幾進幾出的大院子內外俱靜,白天里的家長里短、熱熱鬧鬧消弭在穿堂的冷風中。出事的水井已經被塊圓桌大小的木板封住了,像是怕什么東西從里邊跑出來似的,木板上還壓了塊沉重的長石條。
阿寧繞著水井轉了一圈:“哎喲哎喲,好重的死氣啊喵!”
白天的晴好沒有延伸到夜間,烏云重重遮蔽了半月本就稀疏的光芒,除了掛在墻上那一排電表一閃一爍,周圍合匝黑得伸手不見五指。
江曦被莊令叫過來時就一副魂不守舍的模樣,頭耷拉著,眼神飄忽著。也難怪她這樣,雖說她父親去得早,但在幾個叔叔嬸嬸的照應下也是捧在掌心里長大的。奶奶雖然和她不親熱,但江曦怎么都沒有想到有朝一日她會被趕出從小生養她的江家。
奶奶不要她,三嬸呢???
大概是奶奶叮囑過了,三嬸打飯后根本就沒再出現過了,顯然也是默認了這件事。全家人和約好了一樣,只有奶奶一個人面對著她,說:“江曦,你走吧。”
她能說什么呢,八十高齡的奶奶都給她跪下了,難道要她厚著臉皮撒嬌說不嗎?當著莊令這個外人的面,江曦更是覺得這個家一刻都待不下去了,她不說不話地回到房間,因為是短住自己帶回的行李少得可憐,亂七八糟統統往背包里一塞,她抱著包就往外沖。
沖到一半被人攔下來了,是莊令。
“滾開!”江曦不客氣地吼了出來,但沒掩藏成功的沙啞和顫抖泄露了她的心情。
“現在不能走,”莊令清瘦的身體擋在她面前。
江曦一記冷眼刺過去,挑釁又囂張地彎起嘴角:“你是我什么人啊你!你說不讓我走就不讓我走啊??”
“他是你未來的丈夫!”回答她的是奶奶。
江曦:“……”
奶奶一句話就讓她所有氣性都沒了,得,她還忘了,自己已經被迫為了江家的滴水之恩而“以身相許”了。
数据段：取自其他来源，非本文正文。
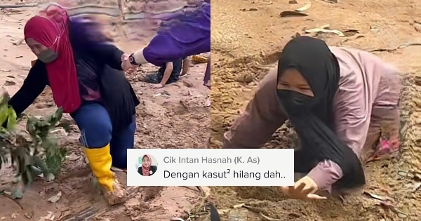 Menerusi video yang dimuat naik oleh @aifaazlan92, kelihatan dua orang wanita yang terperangkap dalam satu kejadian tanah jerlus.
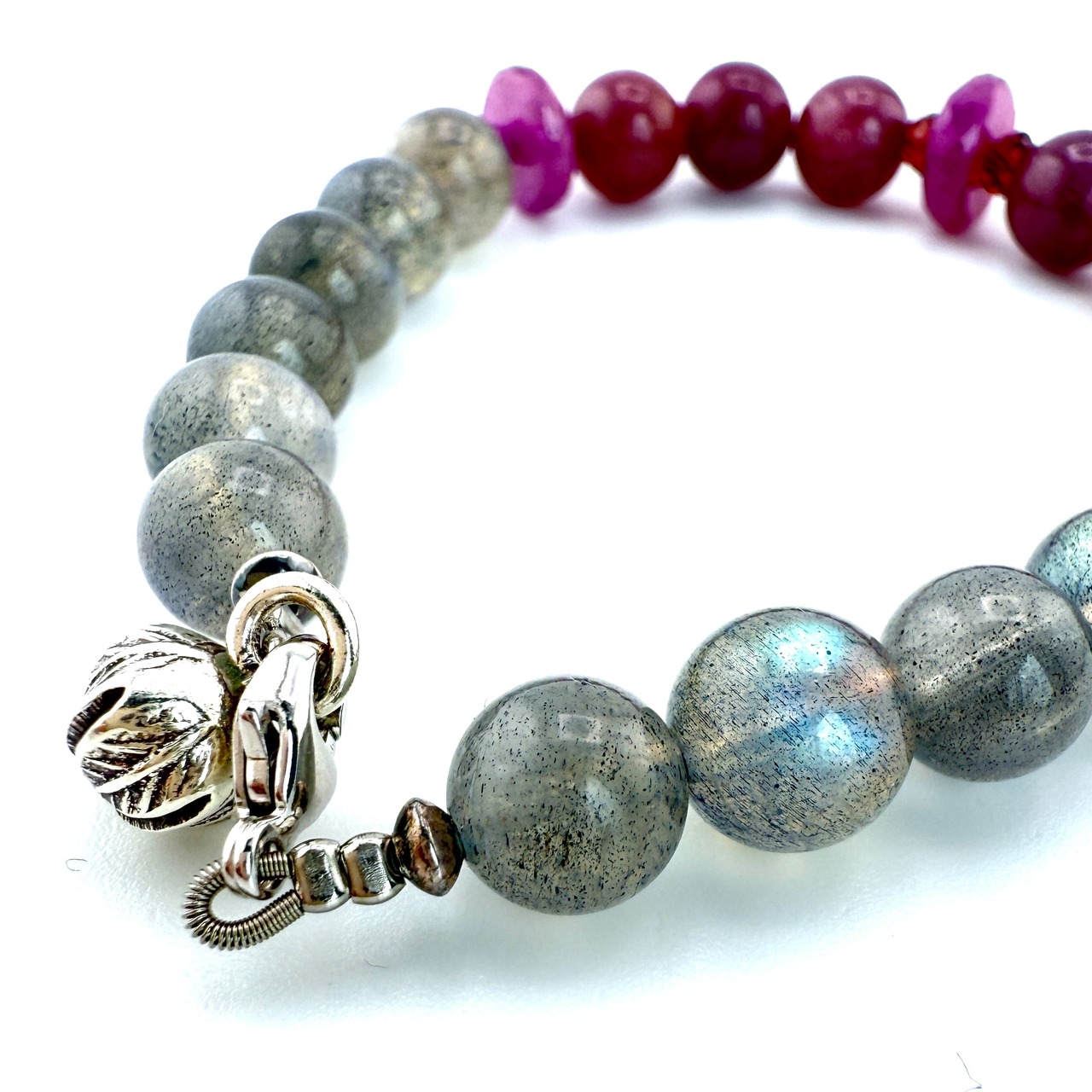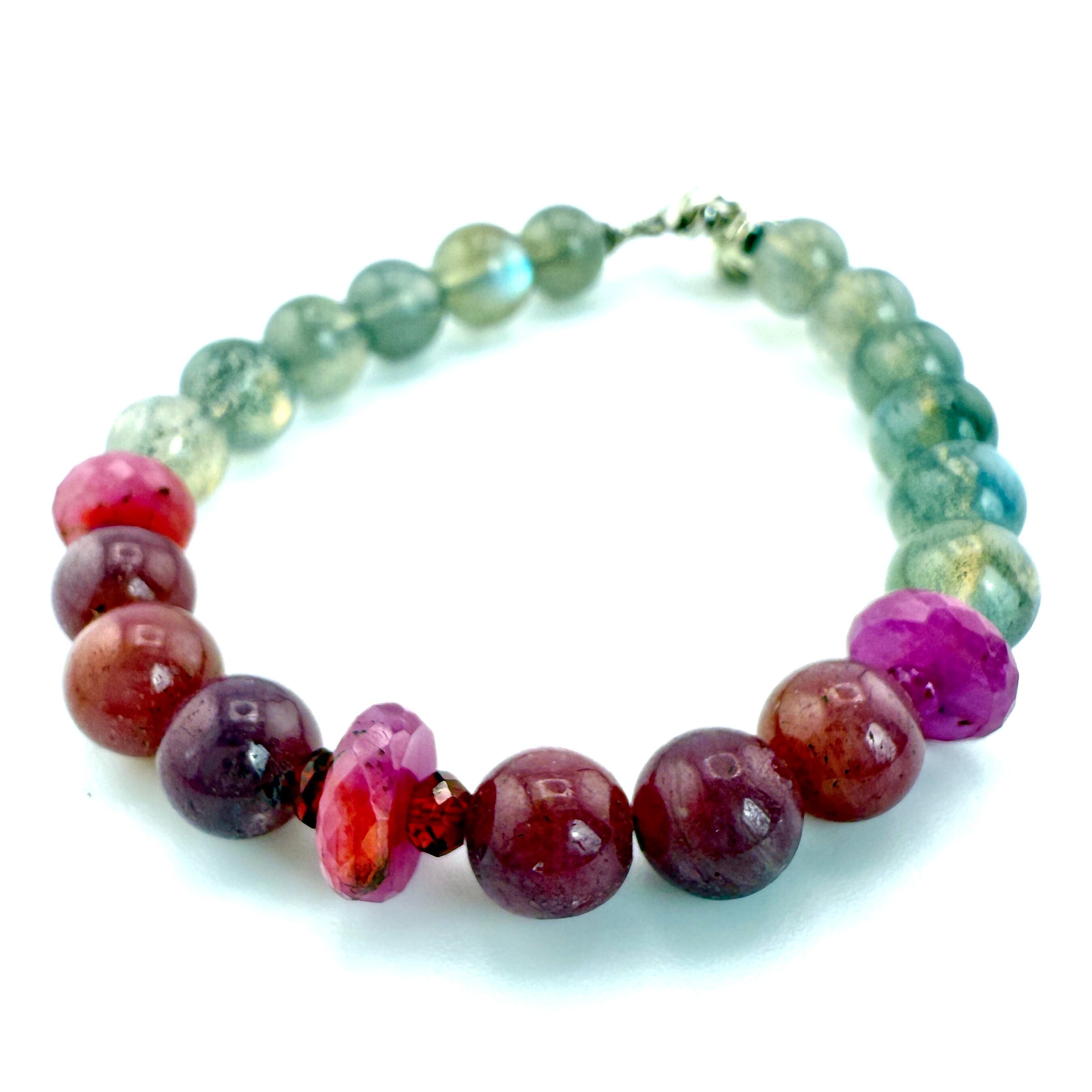 ピンクサファイヤ、ルビー、ラブラドライト、カレンシルバーのブレスレット
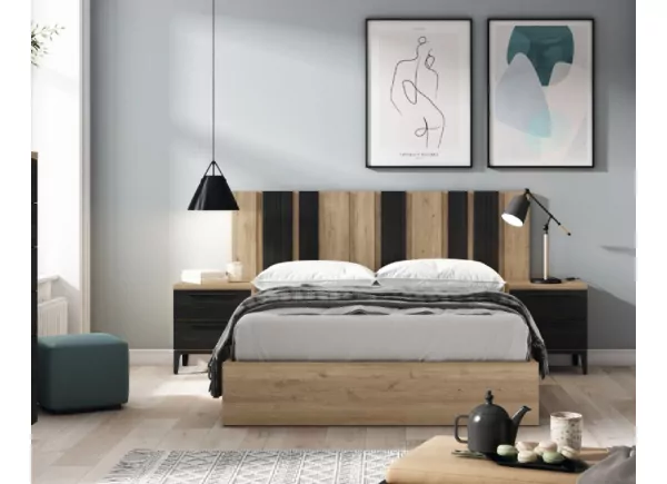 Cabeceira para estrado e colchão de 135 ou 150 cm (não incluídos), com acabamento nas cores Naturale, Naturale combinado com Bocamina ou Shamal combinado com Cinza Tormenta.
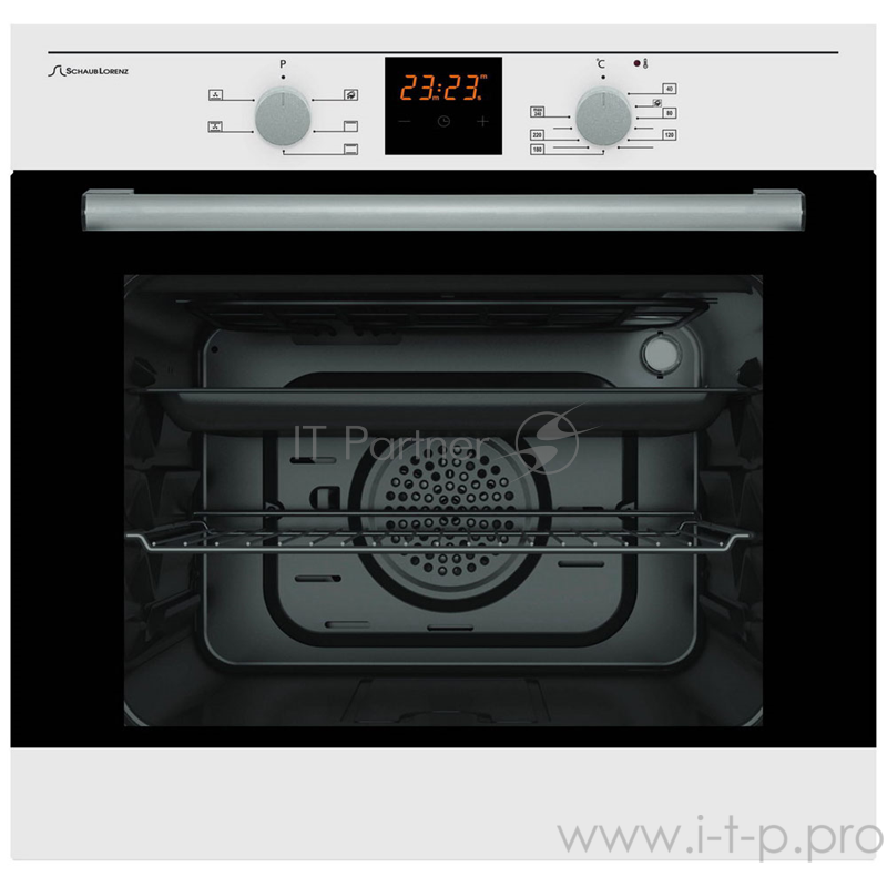 Встраиваемая электрическая духовка Schaub Lorenz 59.5х59.5x61 см, 61л, 6 режимов работы, механические переключатели, цифровой таймер с напоминанием, белая
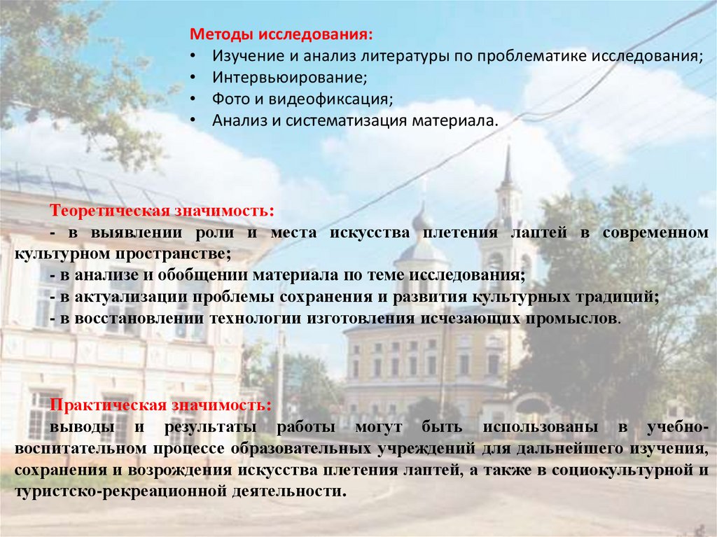 Методы исследования:• Изучение и анализ литературы по проблематике исследования;
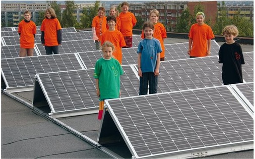 Die Besichtigung der Güstener Anlage gab für Alexander Marthaus den Ausschlag, im Frühjahr dieses Jahres auf dem Dach der Laborschule in Dresden ebenfalls Scirocco als Befestigungssystem einzusetzen. Auch hier unter der Vorgabe: keine Dachdurchdringung, wenig zusätzlicher Ballast. Da die Dresdner Anlage von Schülern und Lehrern zu Unterrichtszwecken genutzt wird, freut sich Marthaus über das innovative Montagesystem. „Ich finde das System toll, weil der Aufbau völlig unkompliziert ist und das Dach heil bleibt“, sagt der Anlagenbetreiber. „HB-Solar garantiert für die ,Standhaftigkeit‘ und unser Versicherer hat auch kein Problem mit der Anlage.“ Mit einem Neigungswinkel von 30 Grad bietet Scirocco einen optimalen Neigungswinkel für kristalline Module.
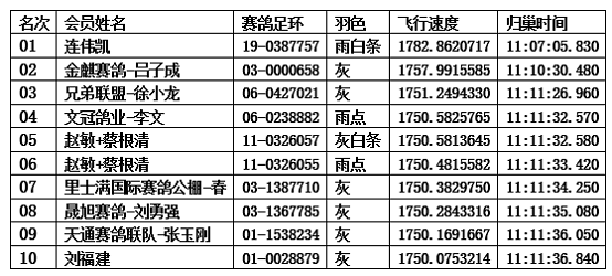 继冠亚军报到之后,开尔勇士大部队浩浩荡荡归来,兄弟联盟-徐小龙先竹名下战将,环号为06-0427021的灰鸽在群雄中奋勇争先喜获季军。文冠鸽业-李文先生的爱将则名列殿军。浙江名家赵敏+蔡根清强强联合合则来了个双响炮、连夺5名、6名的好成绩。

什么破事啊這?!不走就不走,江曦抱著背包和只小刺猬一樣窩在沙發一角,臉陰沉得都能滴出水來,那架勢人要是過去準被她捅一刀似的。
熬啊熬到江曦眼皮子怎么都挑不開,莊令無聲無息地站起來:“時辰到了,該送她上路了。”
于是,江曦沒頭沒腦地被拎到了后院。
井邊一灘灘的燒紙灰,和一個又一個沒有瞳仁的黑色眼睛一樣盯著他們。莊令站了兩分鐘,提著的傘颯地微微張開,平底起了一卷風,將那些紙灰吹散得無影無蹤。江曦仍是低著頭,神游天外,直到莊令慢慢開口:
“你在井邊看到了什么?”
能看到什么,不是井難道是皮卡丘???
萎靡不振的江曦勉強打起一點精神,不情不愿地往井那瞅了一眼,不瞅不知道一瞅嚇得她“嗬地抽了口冷氣,往后退了好一大步。剛剛還沒什么異常的井口如觸手般蔓延出了好幾條黑色的霧氣,有意無意地向江曦他們的方向游去,卻對近在咫尺的阿寧視若無睹。
江曦從來沒有見過這么詭異的景象,她頭皮發麻,往后直退,哪想退得越快,那黑霧爬得就越快,飛一般地鎖向她的腳踝處。
江曦想都沒想,轉身就跑,才一轉身,鼻梁撞上了個硬物,頓時眼淚花就鉆出來了:“疼……”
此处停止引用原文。